» **Given entries**
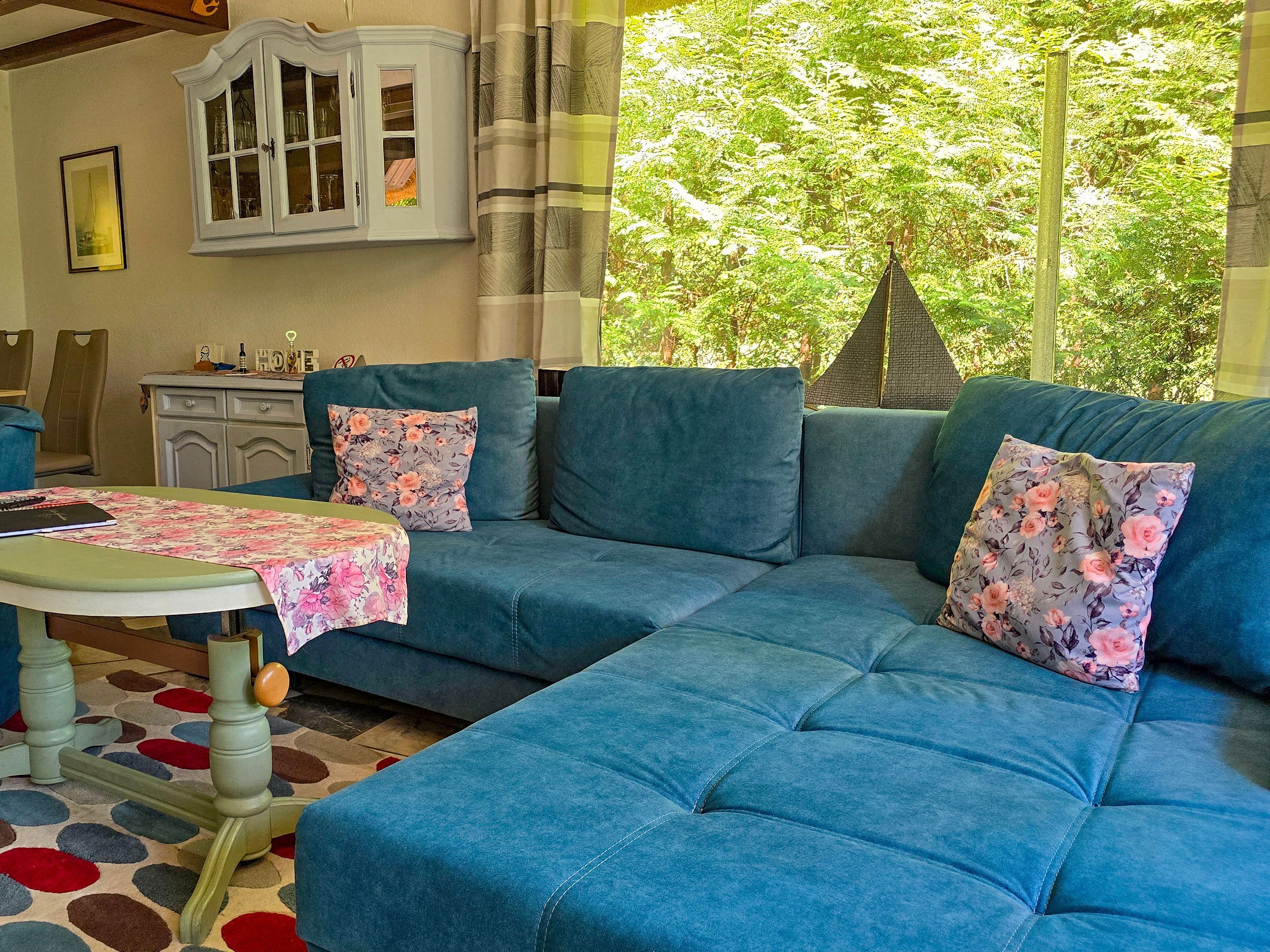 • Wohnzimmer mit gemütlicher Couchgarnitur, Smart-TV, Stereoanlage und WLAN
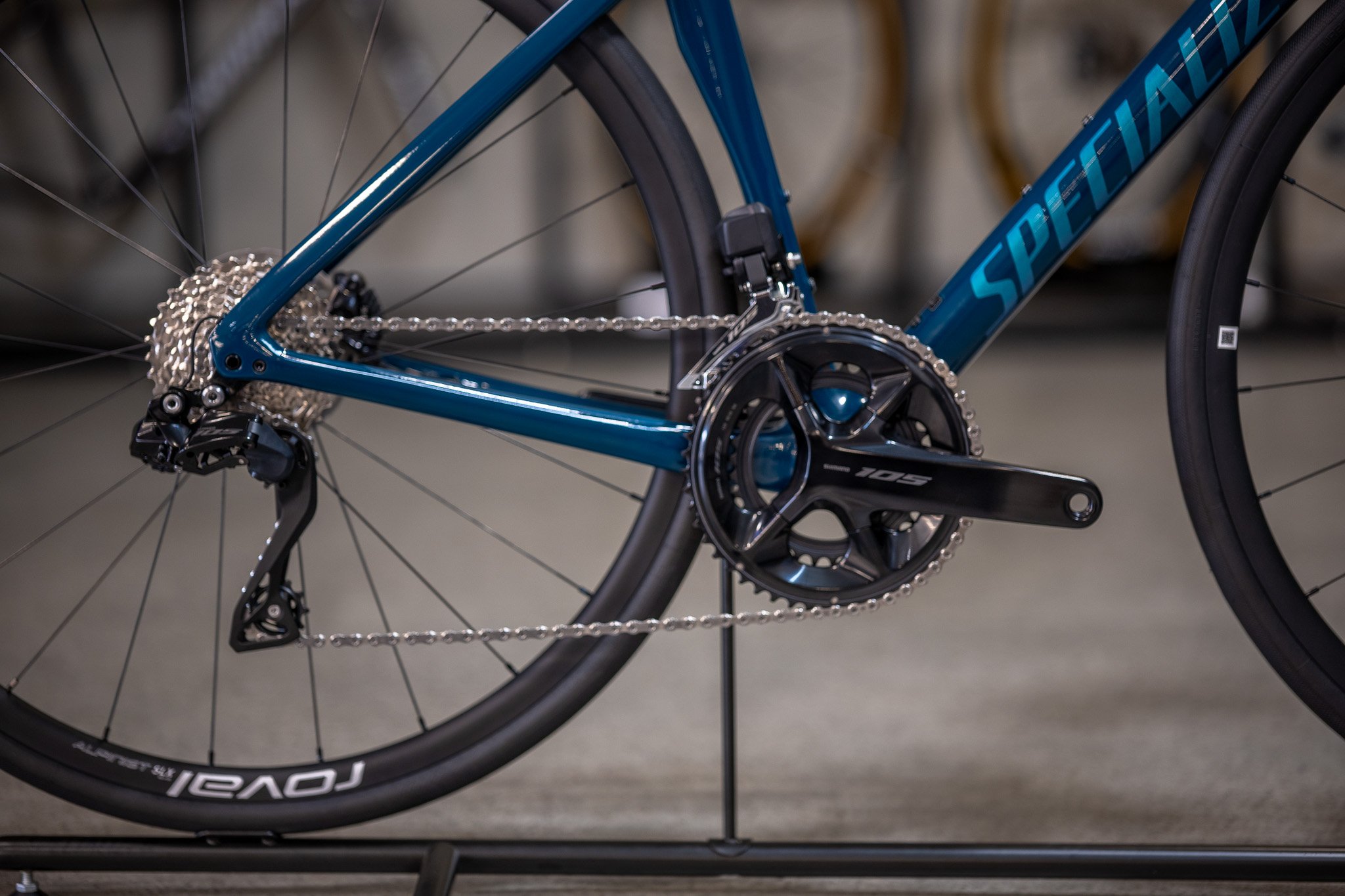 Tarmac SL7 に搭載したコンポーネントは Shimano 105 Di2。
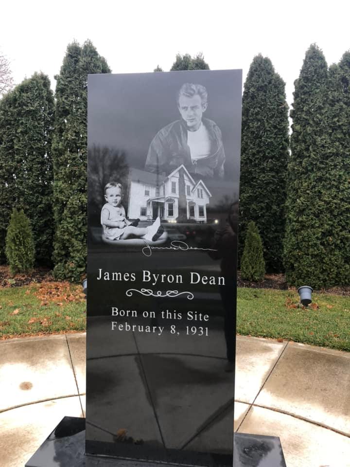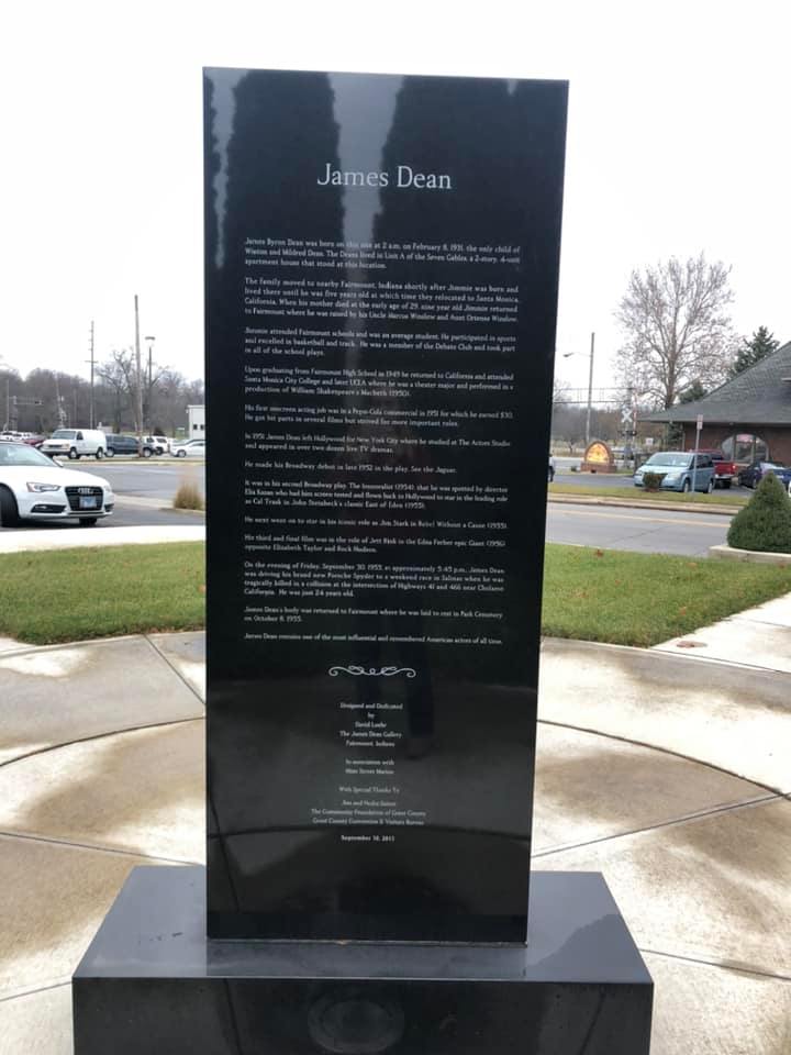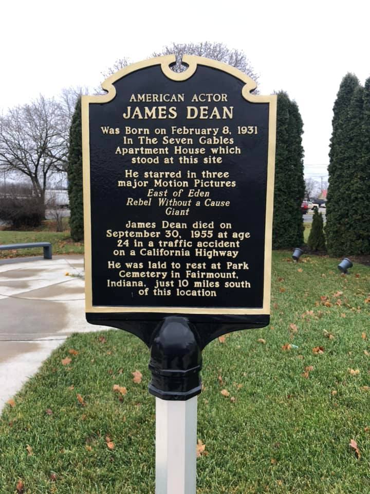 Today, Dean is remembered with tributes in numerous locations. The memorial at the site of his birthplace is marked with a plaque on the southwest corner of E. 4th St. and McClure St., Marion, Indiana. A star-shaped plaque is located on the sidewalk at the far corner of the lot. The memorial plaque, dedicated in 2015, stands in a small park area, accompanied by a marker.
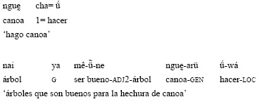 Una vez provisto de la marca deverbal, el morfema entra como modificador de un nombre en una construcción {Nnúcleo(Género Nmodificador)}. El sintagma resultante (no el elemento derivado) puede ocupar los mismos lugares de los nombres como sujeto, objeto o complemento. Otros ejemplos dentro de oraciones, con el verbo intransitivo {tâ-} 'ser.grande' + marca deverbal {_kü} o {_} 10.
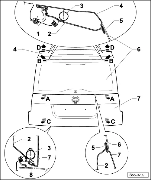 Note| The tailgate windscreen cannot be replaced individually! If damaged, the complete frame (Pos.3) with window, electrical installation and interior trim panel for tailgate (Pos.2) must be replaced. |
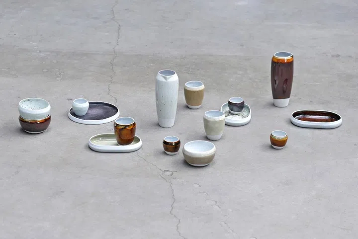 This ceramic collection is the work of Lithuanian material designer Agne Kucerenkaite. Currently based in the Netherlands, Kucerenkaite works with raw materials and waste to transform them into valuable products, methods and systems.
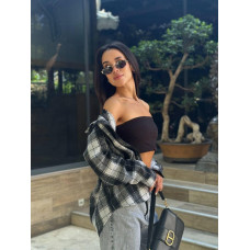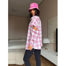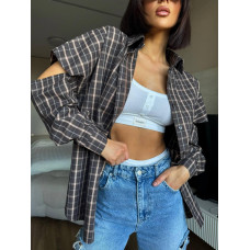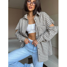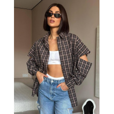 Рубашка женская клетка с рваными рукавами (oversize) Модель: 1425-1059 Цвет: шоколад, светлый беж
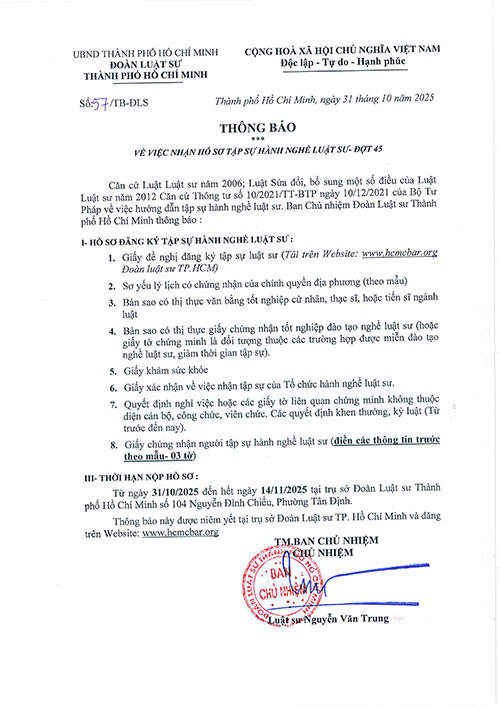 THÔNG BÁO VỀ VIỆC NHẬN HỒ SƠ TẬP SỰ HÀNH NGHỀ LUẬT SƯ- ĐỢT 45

» **Exercise details**
The line containing "Una vez provisto" marks where the copy ends; print every line before it from the start of the records, and that line too, but no pictures.

» **Task answer**
 • Wohnzimmer mit gemütlicher Couchgarnitur, Smart-TV, Stereoanlage und WLAN
 Tarmac SL7 に搭載したコンポーネントは Shimano 105 Di2。
 Today, Dean is remembered with tributes in numerous locations. The memorial at the site of his birthplace is marked with a plaque on the southwest corner of E. 4th St. and McClure St., Marion, Indiana. A star-shaped plaque is located on the sidewalk at the far corner of the lot. The memorial plaque, dedicated in 2015, stands in a small park area, accompanied by a marker.
 Una vez provisto de la marca deverbal, el morfema entra como modificador de un nombre en una construcción {Nnúcleo(Género Nmodificador)}. El sintagma resultante (no el elemento derivado) puede ocupar los mismos lugares de los nombres como sujeto, objeto o complemento. Otros ejemplos dentro de oraciones, con el verbo intransitivo {tâ-} 'ser.grande' + marca deverbal {_kü} o {_} 10.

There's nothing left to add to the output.